The World Bank has revised up its 2025 forecast for the GCC countries in its mid-year revision forecasts, now seeing the UAE as expanding at 4.6% this year, compared with is earlier projection of 4.0%. The GCC as a whole is expected to see growth of 3.2% this year with the Bank citing a faster phasing out of OPEC+ production curbs than previously signposted alongside a robust performance in non-oil economies.
Elsewhere the changes are more bearish, as might have been expected given the eruption of trade and tariff wars since the last projections were released at the start of the year, and the general trend has been to revise economies’ outlooks down. Global growth is now forecast at 2.3%, down from 2.7% at the start of the year, with trade uncertainty cited as the primary reason for the weaker outlook. The US got a particularly harsh downgrade to growth of 1.4% this year, down from 2.8% in 2024 and from the earlier projection of 2.3% for this year. The White House pushed back against this narrative. The World Bank has not downgraded its China forecast, keeping it steady at 4.5% despite it coming under particular focus in terms of Trump tariffs. The World Bank reasons that the Chinese government still has monetary and fiscal space to support its economy. The 4.5% forecast back in January was already fairly bearish and is now in line with consensus projections.

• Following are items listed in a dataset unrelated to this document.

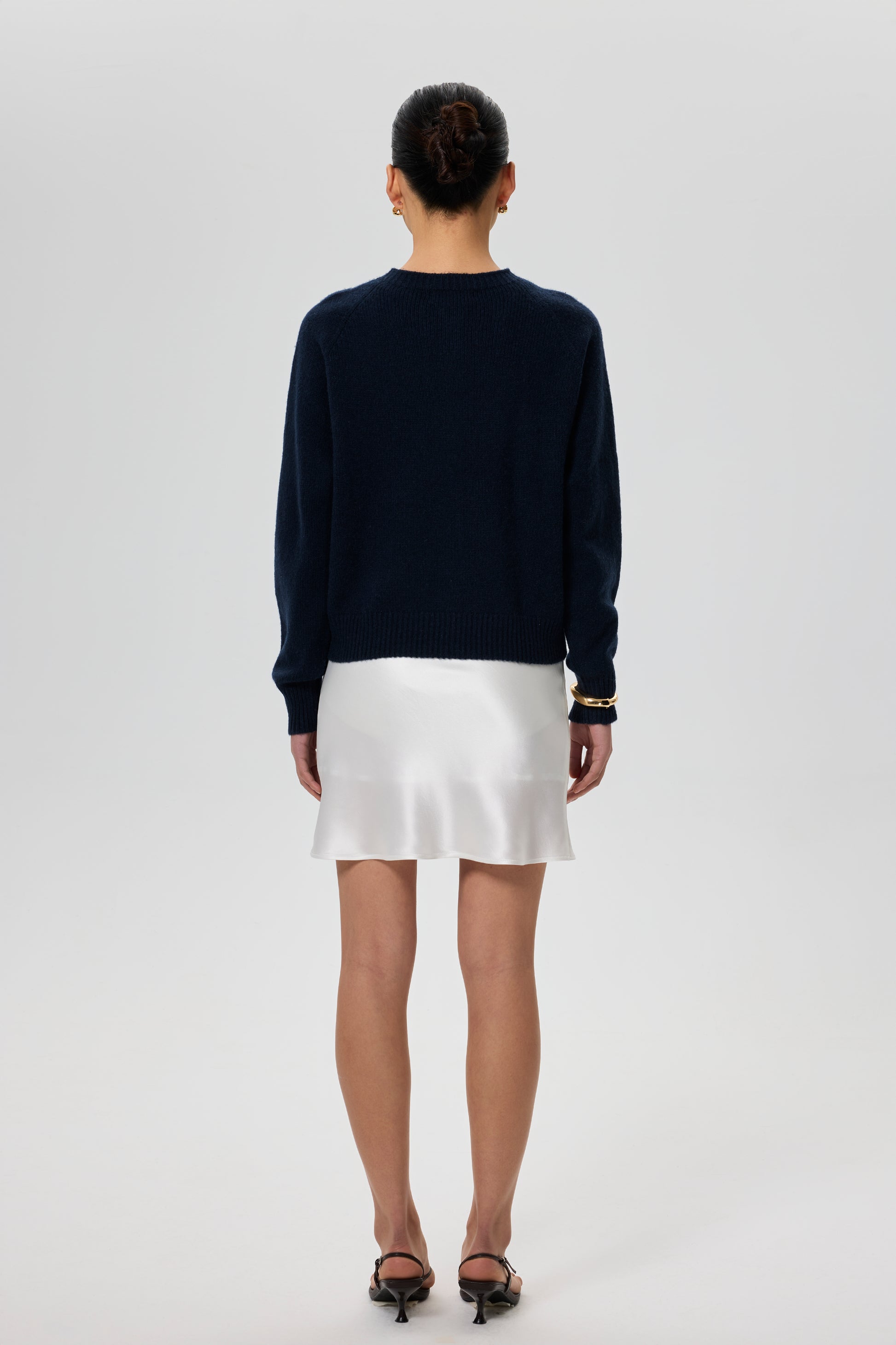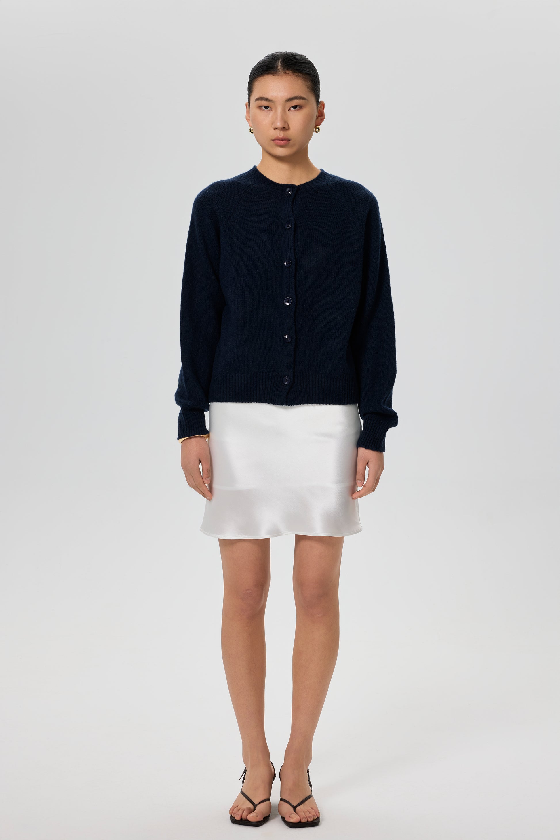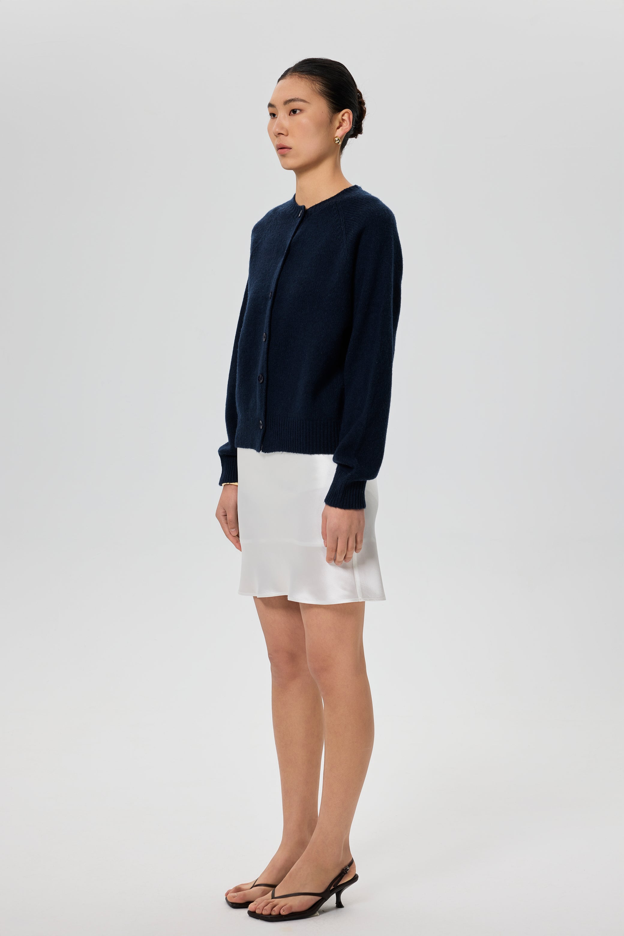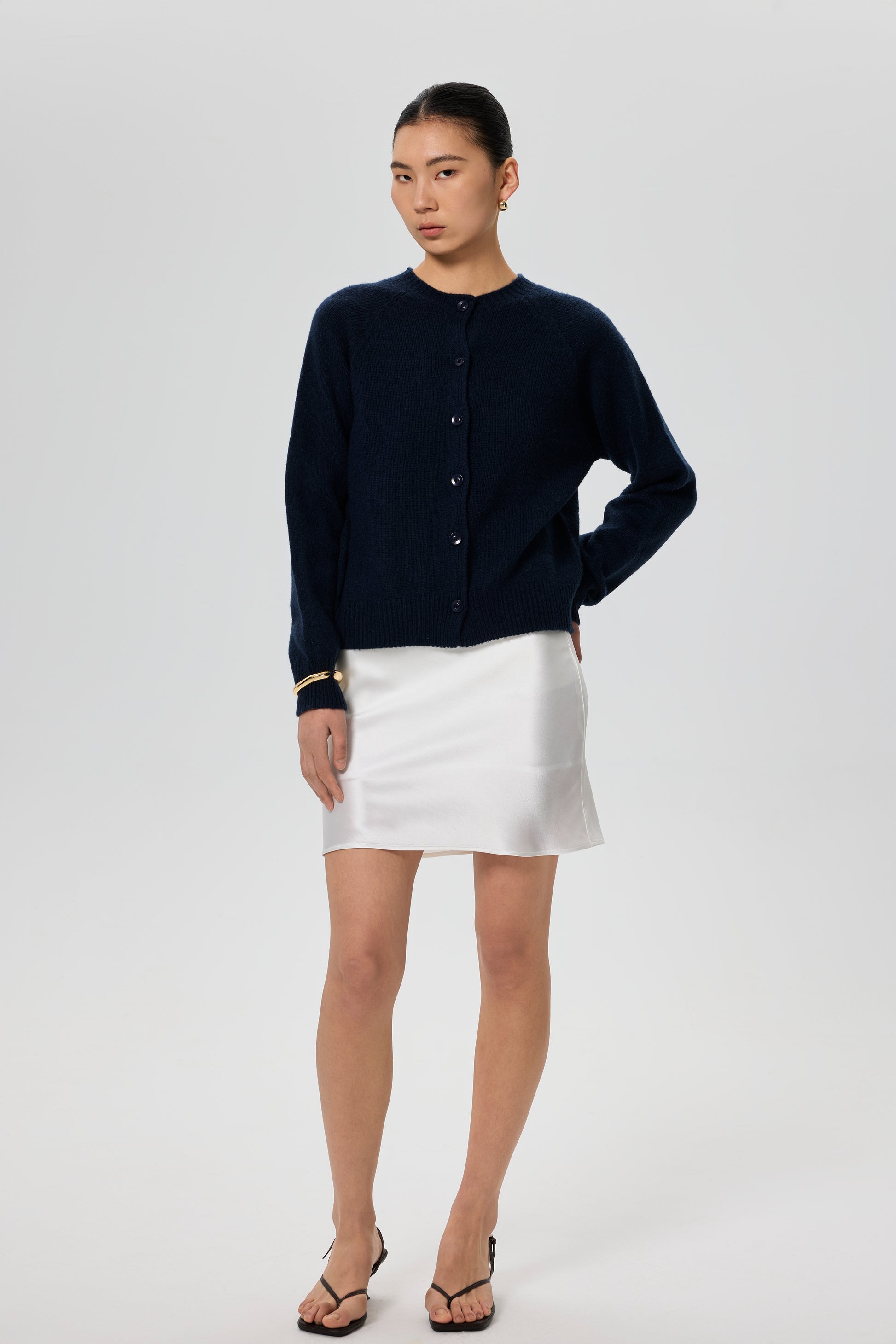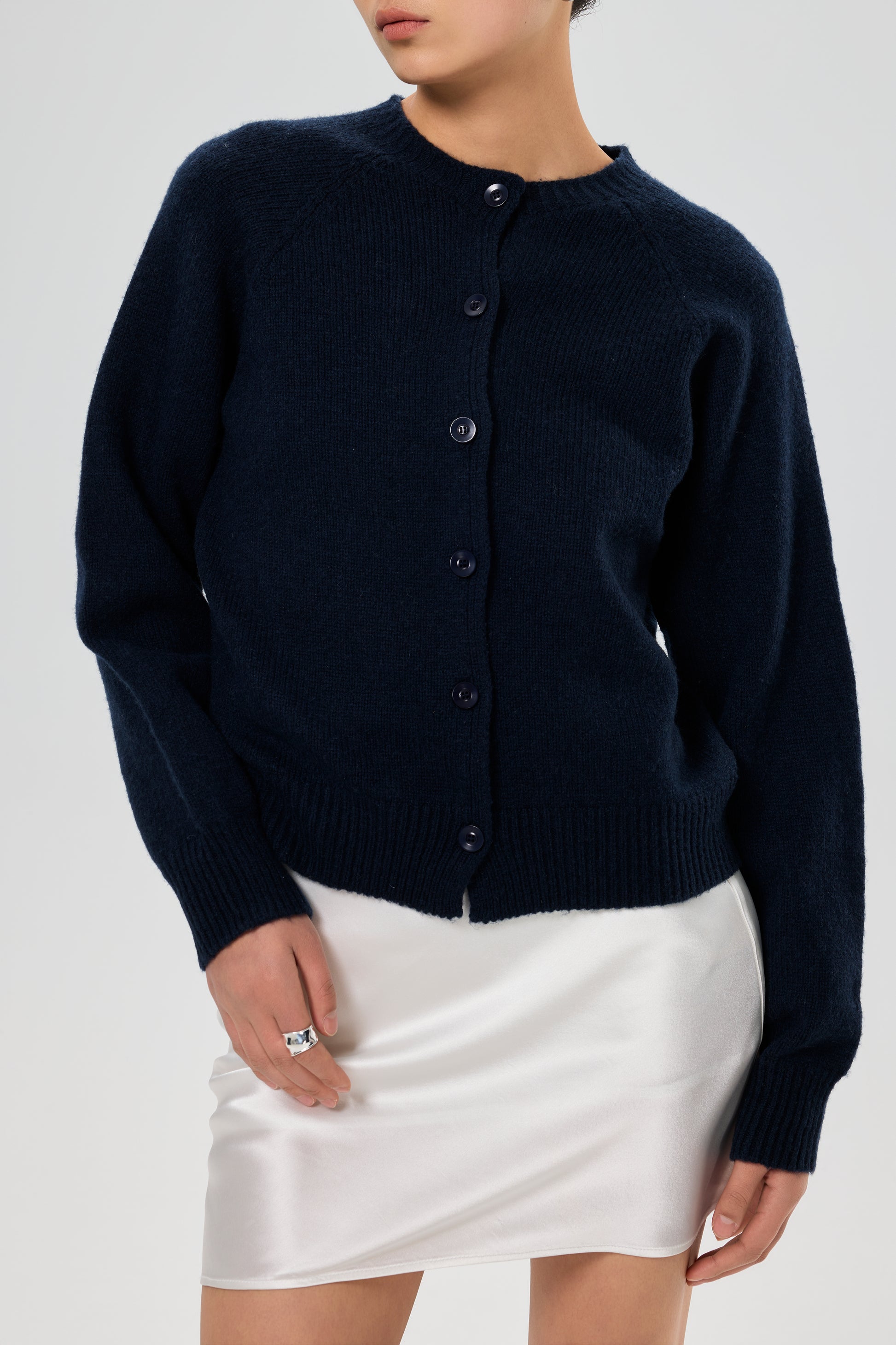 Crafted from 100% merino wool, the Rhea Merino Cardi offers both warmth and breathability in a rich midnight blue hue. Designed for a relaxed fit with a drop shoulder, it features ribbed trims and smooth resin buttons for a refined finish. Its slightly cropped silhouette sits just below the hip, making it versatile for layering over casual pieces like denim or pairing with tailored trousers for a more polished look.
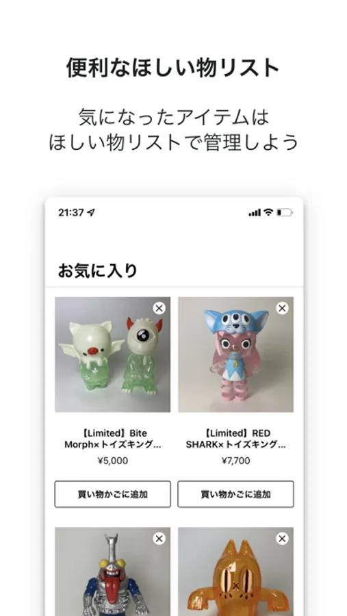 ソフビも限定品以外にもマニアックなソフビも多数あり。Tシャツやマスクといったここでしか手に入らないものもあります。 一般のフィギュアなどの予約や販売もしております。流通ではすでに売り切れたものも在庫があるときもあるので要チェック! また、お得な情報も発信していくのでソフビ・おもちゃ好きな方は今すぐアプリをダウンロード!
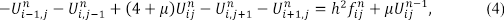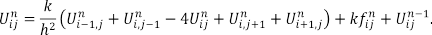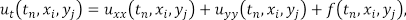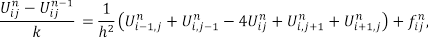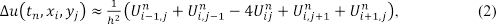 así como , en conjunto con el esquema de 5 puntos de esténcil para el laplaciano (ver, por ejemplo, Morton y Mayers (2005), Strikwerda (2004) o LeVeque (2007)):
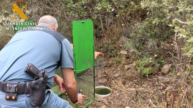 El Servicio de Protección de la Naturaleza de la Guardia Civil (Seprona) de Peñarroya-Pueblonuevo ha investigado en La Granjuela a una persona por la utilización de una jaula trampa y dos cepos metálicos para la captura de depredadores en el medio natural, utilizando como cebo un gallo vivo.
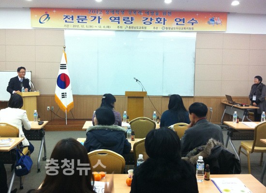 충청남도교육청(교육감 김종성)은 ‘2012 장애학생 성폭력 예방을 위한 전문가 역량강화 연수’를 5·6일 1박 2일간 보령 비체팰리스에서 특수교육지원센터와 특수학교 Wee클래스 성폭력 예방 상담사, 교육전문직, 전문상담사 등 30명을 대상으로 실시했다.
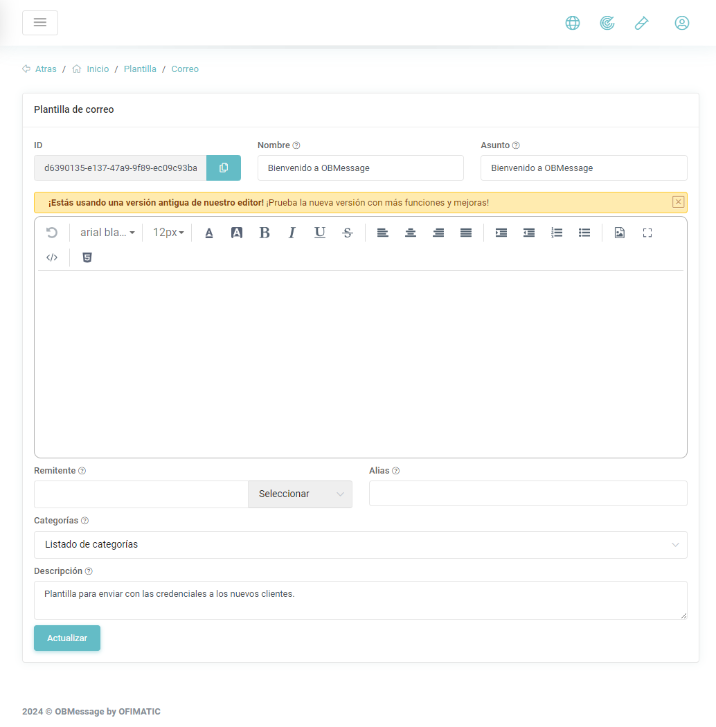 En este aparatado podrá crear una plantilla de mensajes para correo.
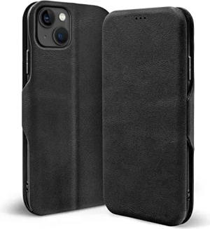 Flip Case Handy für iPhone 15 Shell Flip Case, dünne Business Klapphülle mit Magnetverschluss & Kartenfach, kompatibel mit iPhone 15 (6,1 Zoll), Schwarz

There has been some positive progress in the trade negotiations taking place between the US and China in London, with officials agreeing on a plan to implement the agreement previously reached in Geneva but which broke down with accusations from either side that the other had been reneging on the deal. Officials will now take this provisional plan to Presidents Trump and Xi. Meanwhile an appeals court in the US ruled that the government’s tariffs could remain in play for now. All eyes will be watching the May CPI inflation print from the US later today to see to what degree tariffs are feeding through into hard price data already. The consensus prediction is for 2.5% y/y though there is a high degree of uncertainty around the trend at present, complicating the Federal Reserve’s decision-making process ahead of its next rate-setting committee meeting next week.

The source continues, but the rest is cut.